Langflow Privilege Escalation Vulnerability via CLI Superuser Command

A privilege escalation vulnerability has been identified in Langflow, a tool for building AI-powered agents and workflows. This vulnerability exists in Langflow containers where an authenticated user with remote code execution (RCE) access can use the internal CLI command 'langflow superuser' to create a new administrative user. This process grants full superuser privileges, regardless of the user's initial registration status as a regular account.
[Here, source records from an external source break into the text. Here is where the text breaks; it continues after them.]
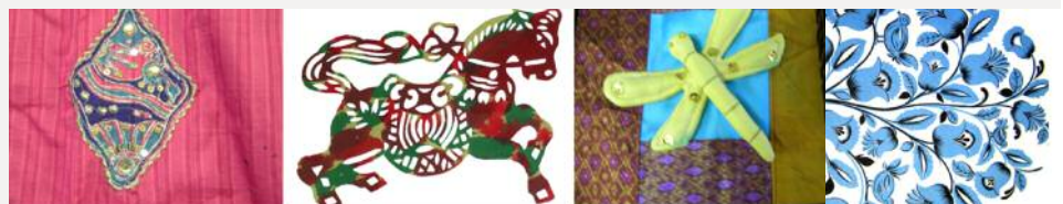
Images provenant de rencontres culturelles avec la classe de francisation.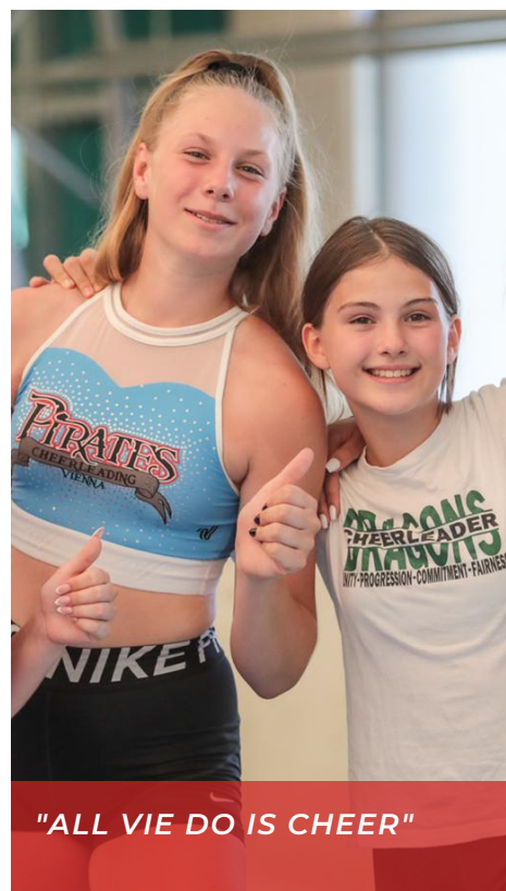
"ALL VIE DO IS CHEER"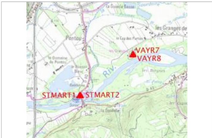
Localisation carte IGN

GÉNÉRAL Code : ST MART2 Date de mise à jour : 10/02/2022 Auteur : gremminger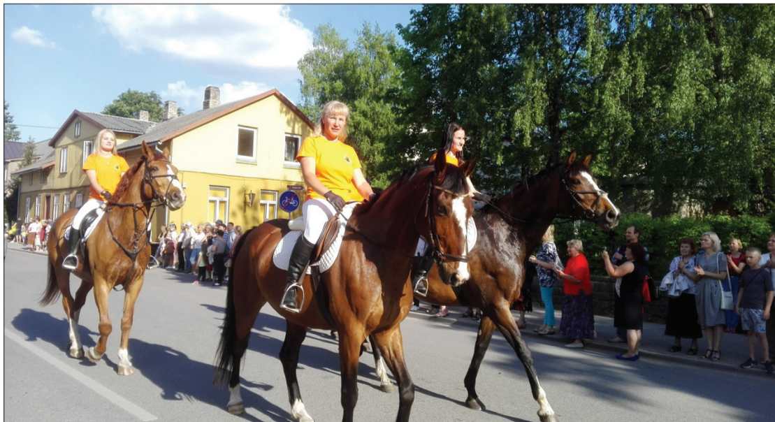
Grobiņas svētku gājiens vienmēr bijis ļoti atraktīvs, un noteikti tāds tas būs arī šoreiz.

Gājienā vizuālo noformējumu lūgums veidot atbilstoši vārdam “Prieks”.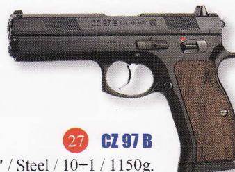
CZ 97 B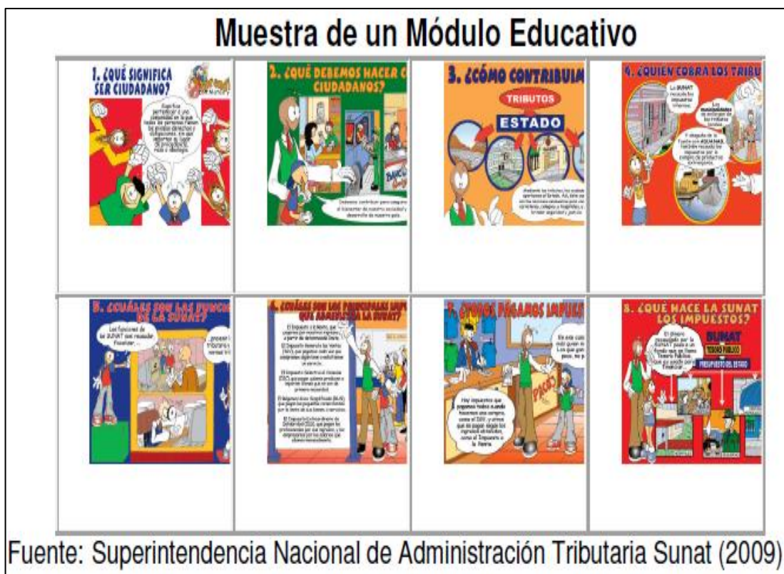
Figura N° 4.

(Rodrigo, 2015), expresa que el objetivo de la Cultura Tributaria es que los estudiantes se instruyan para mejorar una mayor Recaudación Tributaria y que no sigan cometiendo delitos intencionados por aquellos contribuyentes que están obligados a declarar y obtener una mejora económica creciente. Así mismo se Concluye que la Cultura Tributaria es una influencia positiva, en comportamiento del ciudadano y que ayuda a la formación de valores, actitudes y a la transmisión de conocimientos tributarios y así aumentar la recaudación fiscal. Una de las estrategias es la implementación de los programas de educación tributaria; estos están comprendidos como los seminarios, los talleres, las campañas. Su único fin es de reducir el incumplimiento de las obligaciones tributarias y generar mayor conciencia tributaria.

The issue arises because the 'superuser' command is not properly secured, allowing low-privileged users to exploit it after executing malicious code.

Impact

Exploitation of this vulnerability allows for unauthorized privilege escalation to superuser status, giving the attacker complete control over the Langflow instance. This includes access to all user data, workflows, stored credentials, and configuration settings. Additionally, the vulnerability could lead to resource exhaustion by running multiple Langflow instances inside the container, degrading the service.

Reproduction

To reproduce this vulnerability, first, upload a reverse shell payload to the Langflow application using the '/api/v1/validate/code' endpoint. Once the payload is executed and a reverse shell is obtained, the 'langflow superuser' command can be invoked to create a new superuser account. After the account is created, log into the Langflow UI as the new superuser.

Remediation

Users can update to Langflow version 1.5.1 or later, where this vulnerability has been addressed.